TASK REQUIREMENTS
In the data below, which lines hold the word "Figure"? Copy them.

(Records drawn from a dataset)
= Beginning of Section =

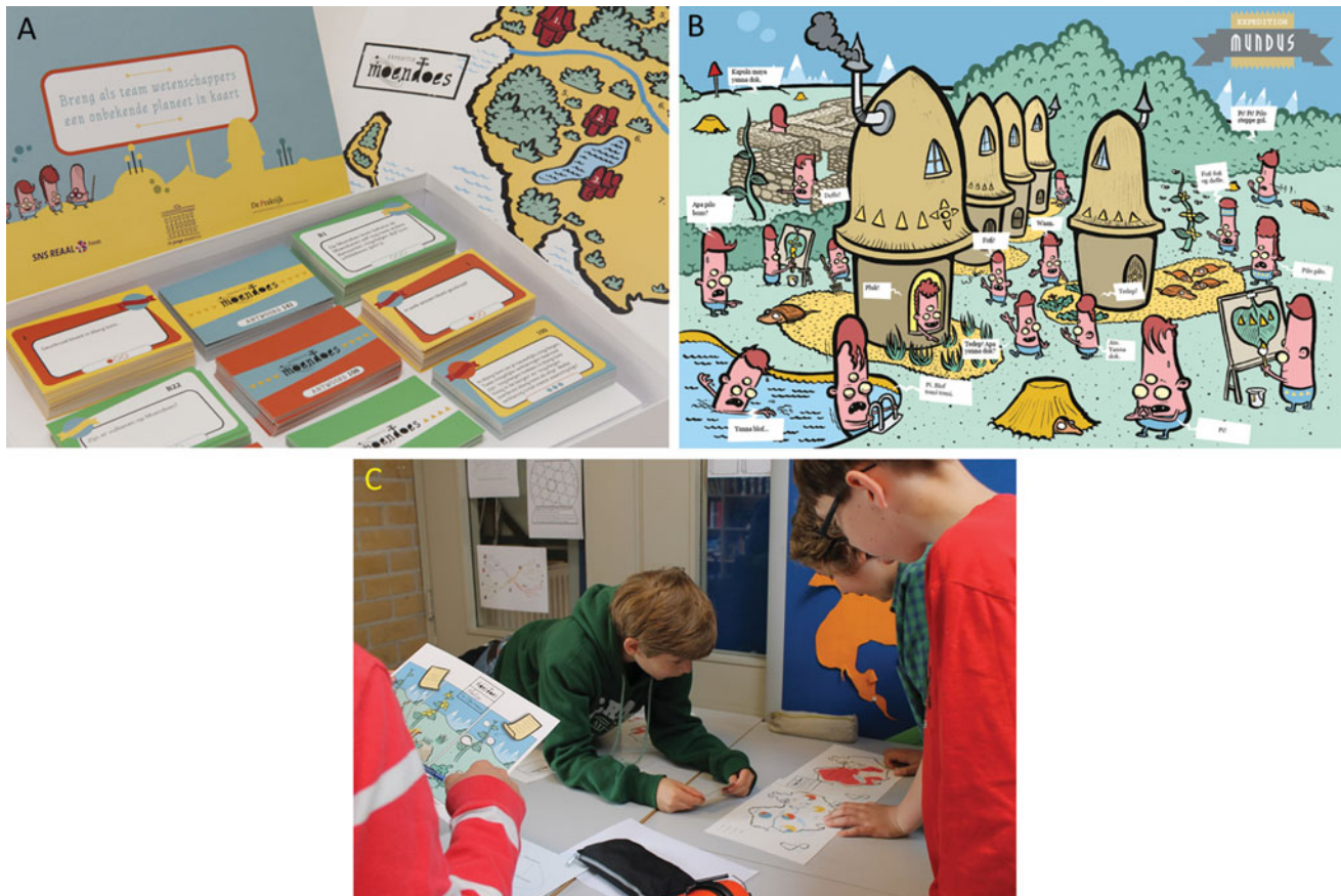
Fig. 2. The classroom game Expedition Mundus. A. The game consists of sources, such as the map in the background, question cards and answer cards. To answer the questions pupils must research the available information and often combine sources to infer the answers. B. Ground view on Mundus, one of the sources, showing different species, aspects of culture and hints of the climate. C. Children play Mundus in class, studying and combining information from sources to find answers to research questions.

questions also require information from answer cards of simpler questions to be resolved. An example of a more complicated question is, 'There are spiceherb seeds in the soil of the hills on Mundus. What region of Mundus do these seeds mainly come from?' To resolve this, first a map is needed that shows the location of the hills and the distribution of plant species on the planet, including the possible sources of the seeds. It turns out that the spiceherb species does not grow in the hills but does occur northeast and northwest of the region. In order to resolve which single area is the source, pupils need to combine a Mundian biology book showing that the spiceherb produces its seeds in the season called 'klang raf raf', and a chart of measured wind speeds and directions for a few years, showing that high wind speeds from the northwest frequently occur in the right season. Occasionally pupils just gambled and pick one of the two possible directions from the first-mentioned source. However, when the initial answer was wrong and they investigated further, the question was answered correctly by the pupils, showing that they can do complicated logic of inference and combination of sources.
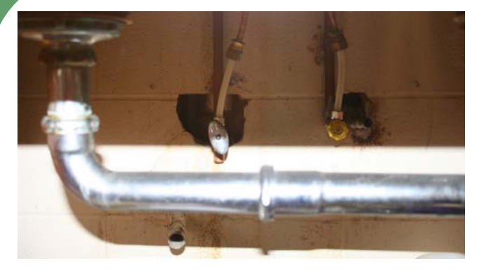
Areas surrounding pipes need to be sealed to prevent mouse entry.
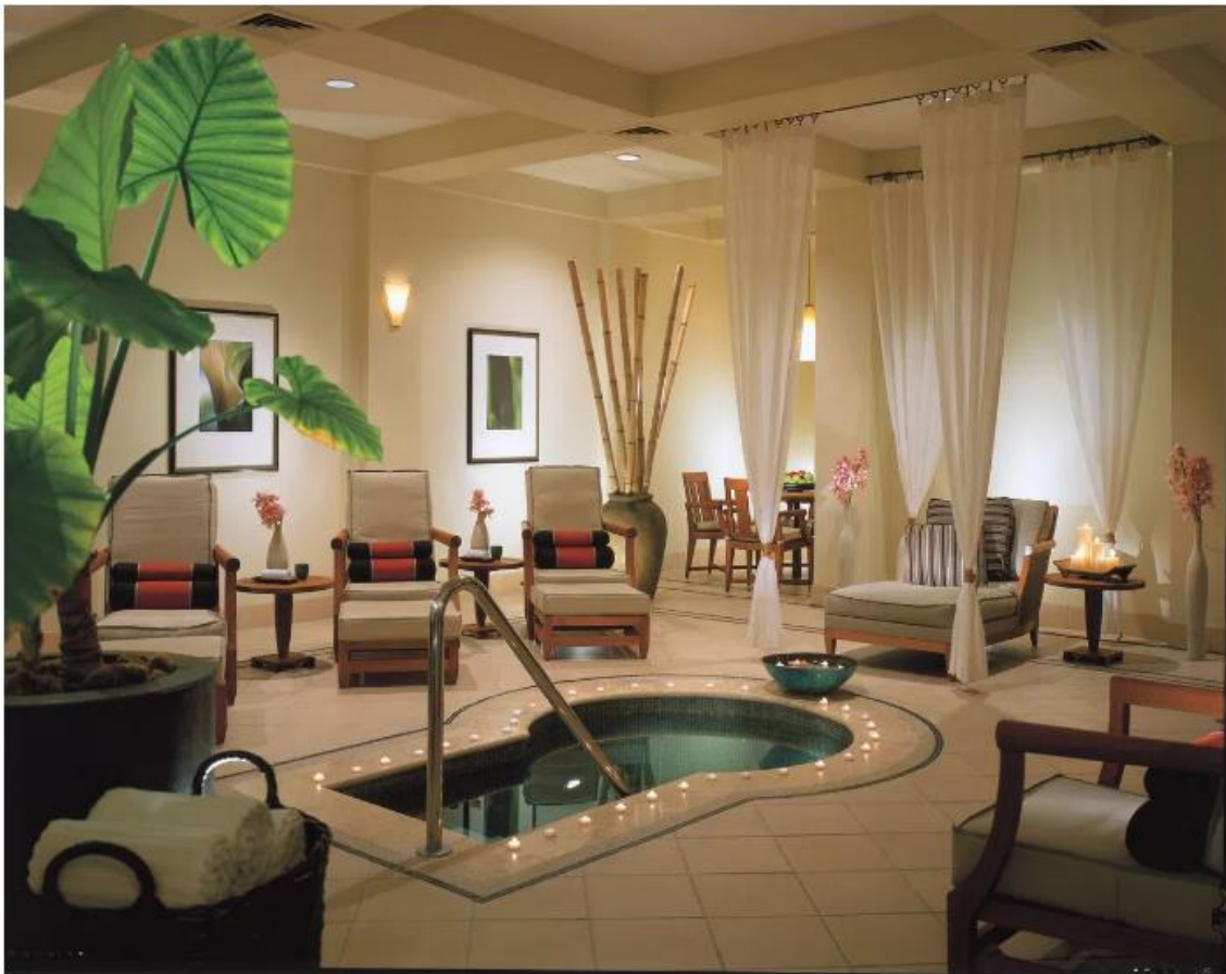
Well & Being Spa at the Four Seasons Resort

Alpha Male Facial: At W Retreat & Spa – Vieques Island , the anti-aging Alpha Male Facial at the signature AWAY Spa treats common male skin irritations like razor burn and sun exposure. The face is cleansed and exfoliated before a customized mask is prepared for a radiant finish.
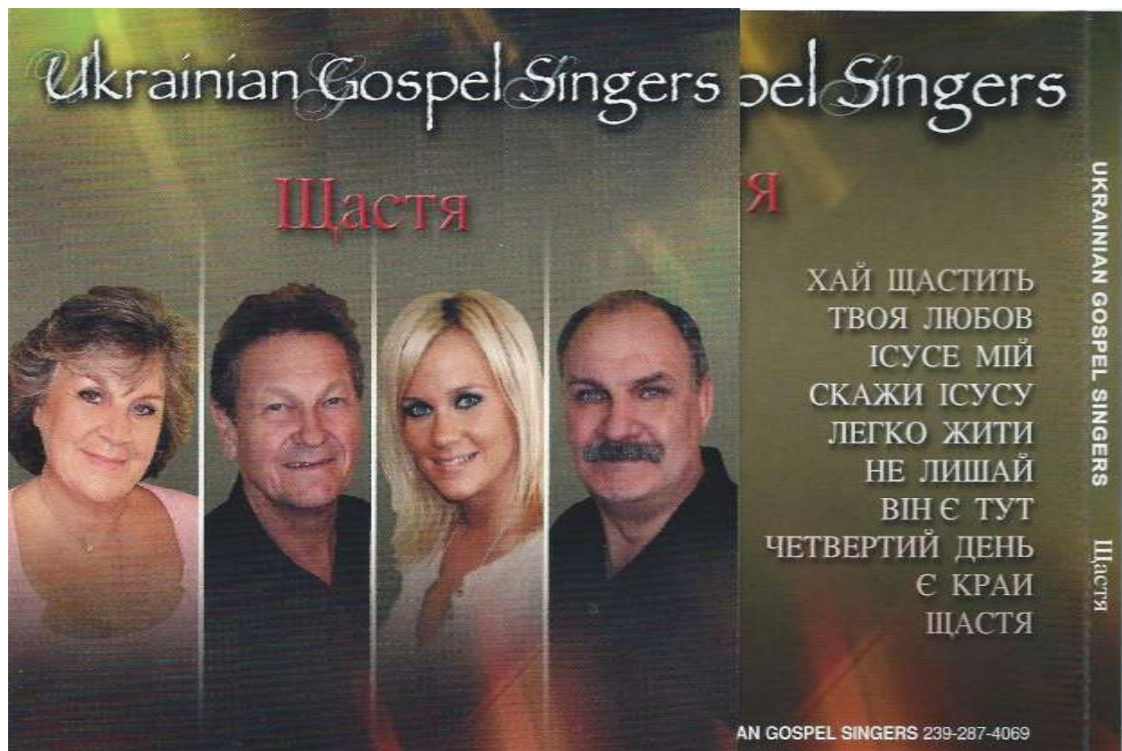
Ukrainian Gospel Singers - Album 4

https://wigowsky.com/songs/PeteK/PeteAlbum4.jpg
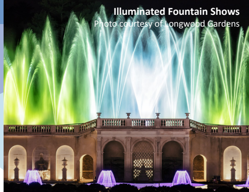
Illuminated Fountain Shows

September 9, 7:30 p.m. | Prices start at $33.00 for reserved seating.
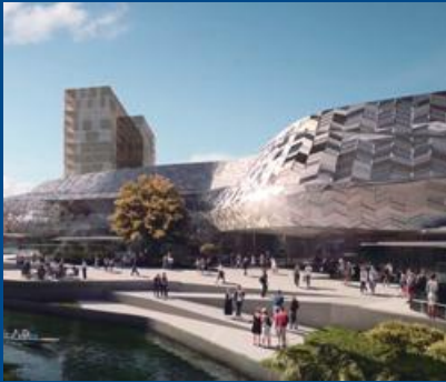
Christchurch Entertainment, NZ
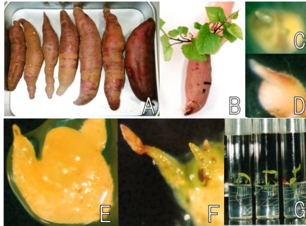
Fig. 2. Recovery of sweet potato feathery mottle virus (SPFMV)-free sweet potato using cultures of shoot apex. A) Sweet potato with russet crack-like symptom (RC-LS) (left six tubers) and healthy one (right one tuber) used in this study; B) New plants growing from RC-LS-infected tuber; C) Shoot apex 0.1-0.3 mm in size token from RC-LS plant and cultured on Komamine& Nomura (1998) medium supplemented with 0.05 \mu\text{M} NAA and 4.44 \mu\text{M} BAP; D) Elongated initial leaf after 3 weeks of culture; E) Meristem and growing of two initial leaves after 6weeks of culture; F) One big leaf and two initial leaves after 9weeks of culture; and G) The complete plants after12 weeks of culture on phytohormone-free MS medium
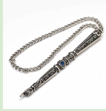
Yad Jewish pointer to help read the Torah
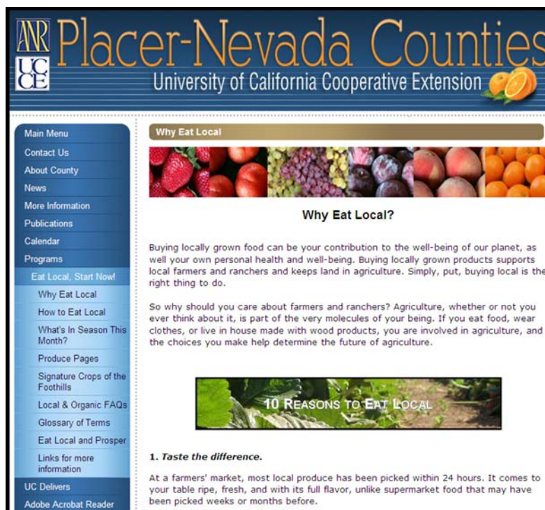
Eat Local, Start Now web page.

More and more prospective producers are finding their way to UCCE’s programs and services through our website. Response to recent programs has come through the horticulture web pages, indicating the value of the site in providing information and resources. Local consumers are also finding useful information to inform their food purchases on the Eat Local pages.
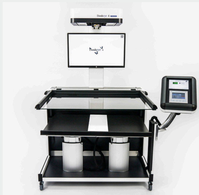
Motorized book cradle at 35cm height
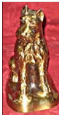
15. GS vintage metal bank
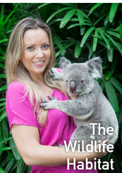
The Wildlife Habitat
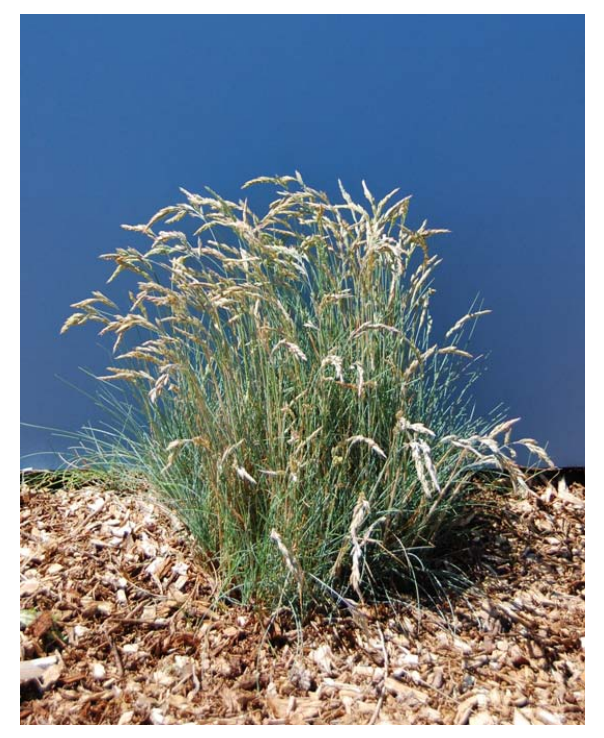
Figure 1. Sand fescue in flower.

Contributed by: USDA NRCS Plant Materials Center, Corvallis, Oregon
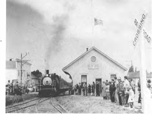
The former train station in Blue Lake is now the home of the Blue Lake Museum.

This out-ofservice line is owned by the North Coast Railroad Authority (NCRA), a public non-profit chartered by the State of California in 1992. Although freight trains have not run on the Annie & Mary spur
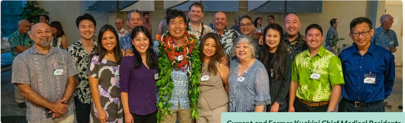
Current and Former Kuakini Chief Medical Residents

Greetings from the UH Department of Medicine!
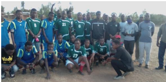
Employee initiated men's soccer team

Another exciting development this year was the formation of an employee operated village sports league. The employees formed a soccer team for the men and a netball team for the ladies.
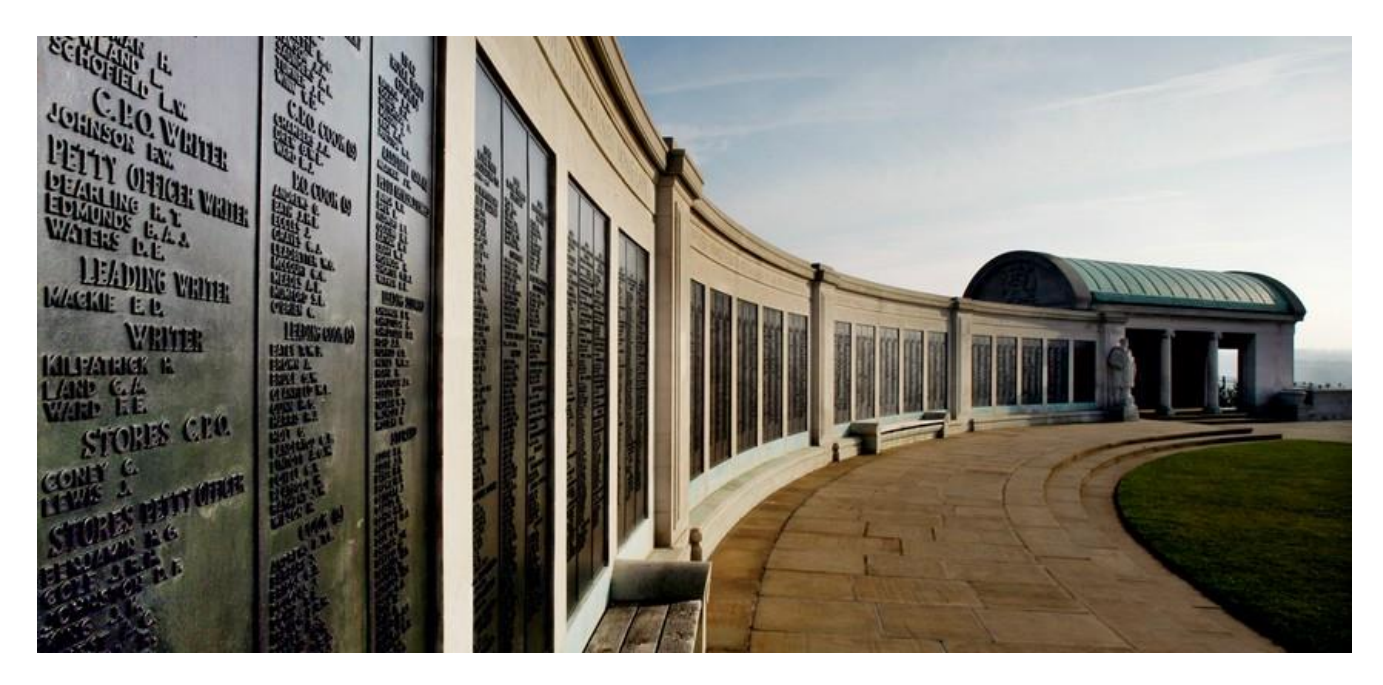
Chatham Naval Memorial
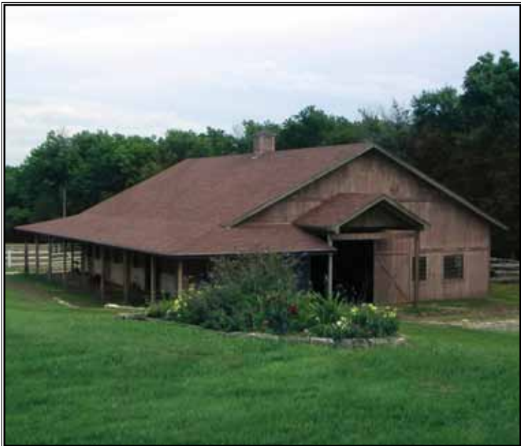
The 1929 Chevy farm truck, working horse barn, and canoe dock on Wildcat Creek are just some of the one-of-a-kind attractions that make Prairiewood so special.
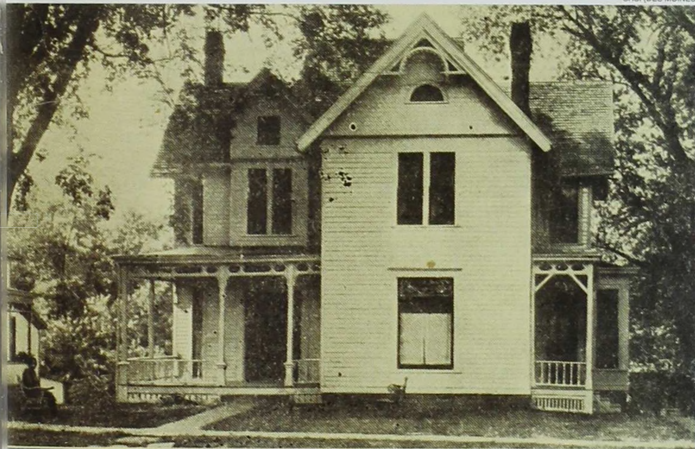
For three decades, the Federation Home at 942 Iowa Avenue in Iowa City housed African American women students enrolled at the University of Iowa.
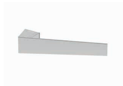
For double-glazed hinged door - ECLISE 40+one WITHOUT LOCK
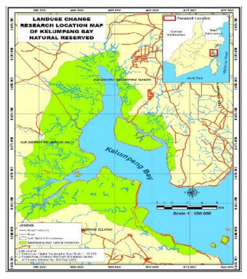
Fig. 1. Research Location Map

The research was conducted for six months from April to September 2013. Data collected consist of primary and secondary data and analyzed with analysis approachment of Analytical Hierarchy Process (AHP) with the number of questionnaires was 30. Through the hierarchy, a complex and unstructured problems can be broken down into groups which are then organized into a hierarchical form. Location of the study can be seen in Figure 1. Analitycal Hierarchy Process (AHP) is a functional hierarchy with the main inputs is human perception (Fig. 2).
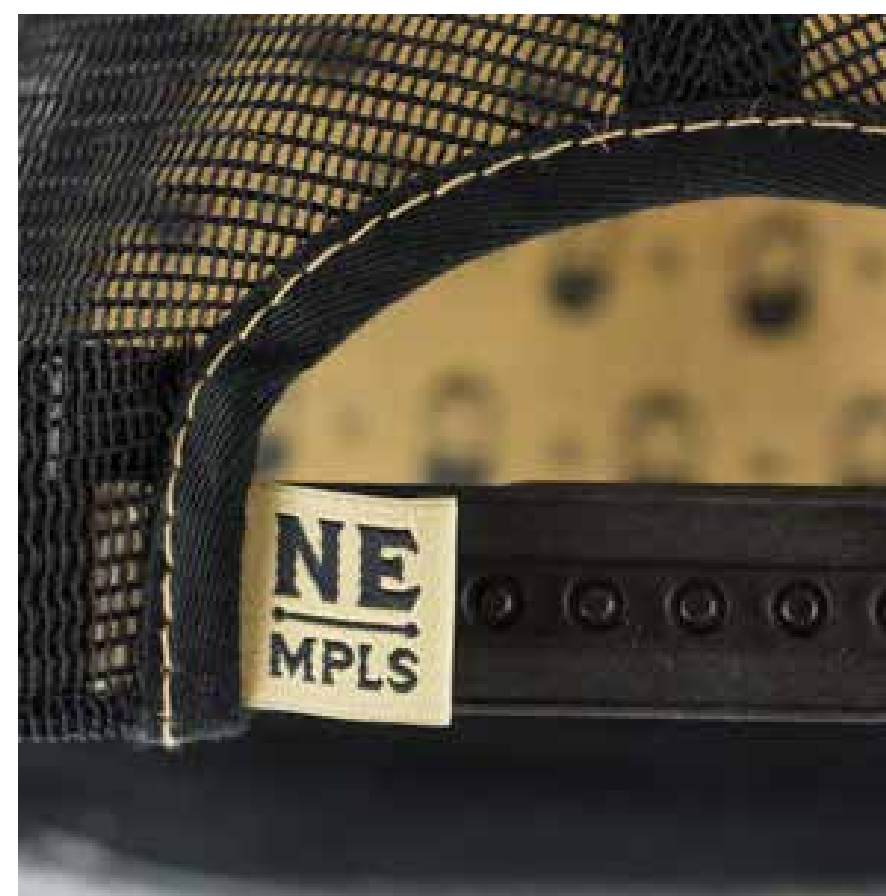
Snapback Woven Clamp Tag
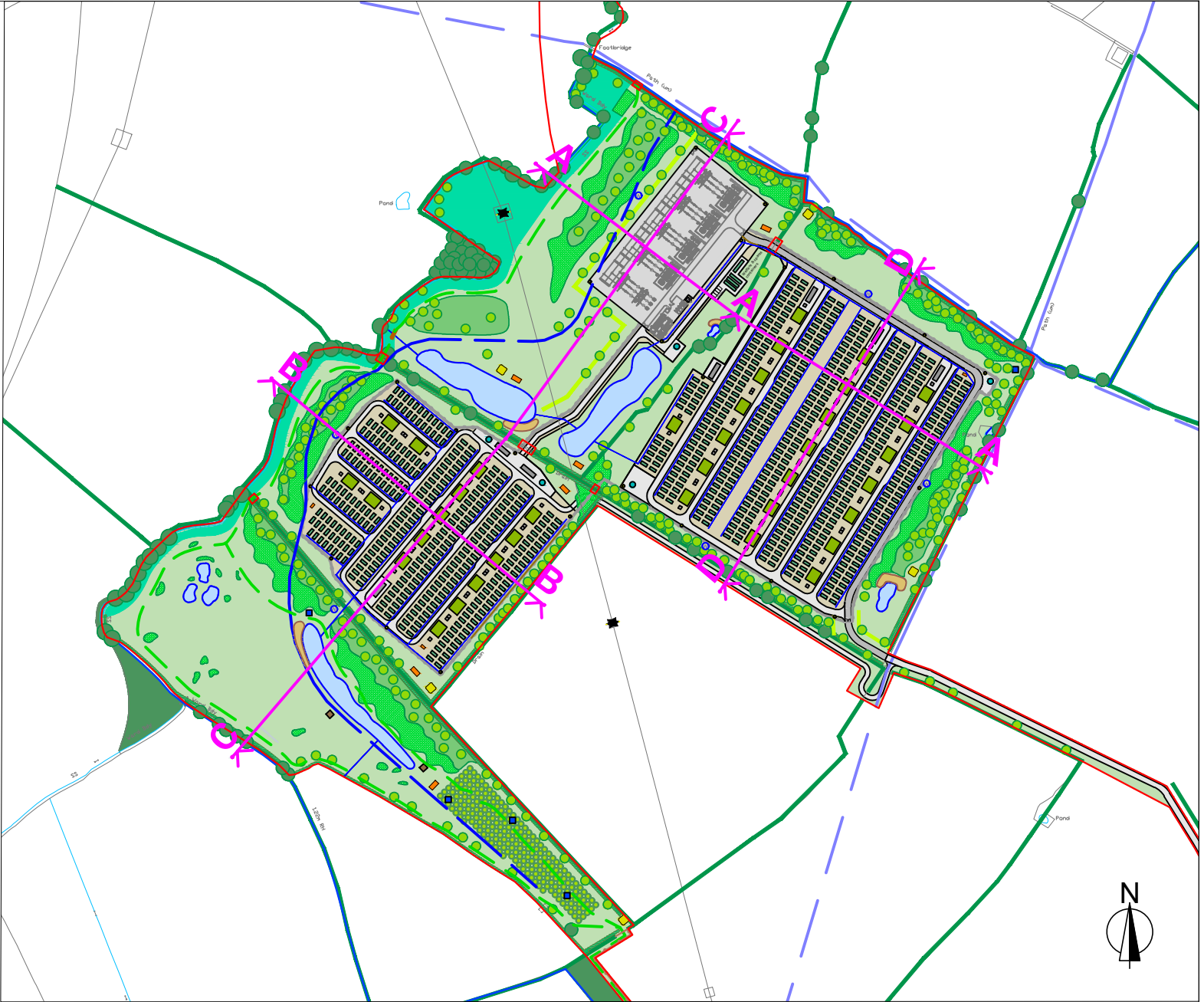
Inset map scale 1 : 5,000

= End of Section =

SOLUTION BELOW
Figure 1. Sand fescue in flower.
The research was conducted for six months from April to September 2013. Data collected consist of primary and secondary data and analyzed with analysis approachment of Analytical Hierarchy Process (AHP) with the number of questionnaires was 30. Through the hierarchy, a complex and unstructured problems can be broken down into groups which are then organized into a hierarchical form. Location of the study can be seen in Figure 1. Analitycal Hierarchy Process (AHP) is a functional hierarchy with the main inputs is human perception (Fig. 2).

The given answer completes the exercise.